The so-called butterfly effect is an example of a chaotic system that demonstrates the characteristic of "extreme sensitivity to initial conditions". In this example it is claimed that a butterfly flapping its little wings in say Texas could be the first link in a causal chain of events leading to a full-blown hurricane occurring in the Atlantic.

A more easily accepted example of chaos is that if the Archduke Francis Ferdinand, heir apparent to the Austro-Hungarian throne had not been assassinated on June 28, 1914, World War I most likely would have not occurred, and if so, the holocaust would likely have been avoided as well. If the murder of a single man had been avoided, perhaps as many as 100 million lives might have been spared! This helps me to understand the nonlinear Kabbalistic principle that "saving one life is equal to saving the whole world." It also hints at the potential that each of us has - to destroy a world or save a world - the choices governed by our own free will.

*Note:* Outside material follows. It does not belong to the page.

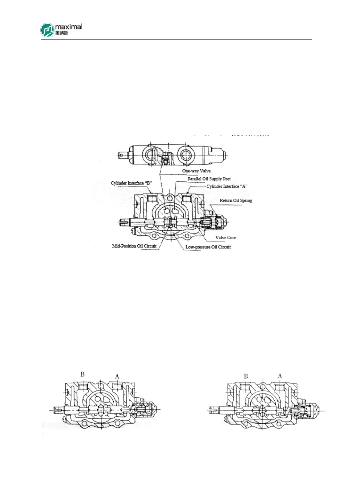 port bursts through (load) the one-way valve and flows into the joint B of cylinder, and the return oil

But there is something even more interesting, indeed amazing that has been discovered recently about chaotic systems. Instead of being less amenable to external control (which one would intuit) such systems are actually easier to transform into orderly behavior using actually less rather than more energy. That is because chaotic systems are actually composed of an infinite set of orderly albeit unstable behaviors. Thus such a system can be coaxed into following one of its orderly behaviors through a process of gently nudging it to stay on course (example: keeping your drunk friend on a path while walking together).


A New Position for The Almighty!?

This gives God a new job as a covert gentle "nudger" of events. The nonlinear logic of chaos theory has in turn given rise to the science of dynamical complexity. This science forms a foundation for understanding the basis of creativity (and therefore of creation itself), and by implication, that miracles become manifest, even inevitable. We begin to appreciate that there is a "method to the seeming madness" that we observe and experience all around us. We come to accept the notion that what we used to believe was randomly occurring events, chance meetings, and accidents, was only so because we view the world through filtered glasses.

Now, we can accept the possibility that if we take off those glasses and get in touch with our true inner selves these events might fit into a well-intentioned pattern that can best be categorized by pure IS-ness (recall God's answer to Moses question "what do I call you" at the burning bush - Ehyeh Asher Ehyeh - I Am That I Am).

We can even begin to understand that a consequence of such a world, where we do have free choice, is that bad things sometimes happen to good people allowing for opportunities for redemption and for returning to our Source. Perhaps by changing our point of reference in the world from "human beings having a spiritual experience" to infinite soul-beings having a human experience, we can learn to recognize, invite and indeed expect the miracles that impinge on our true-selves every day. The miracles performed by God, witnessed and experienced by His children as described in the sacred Torah.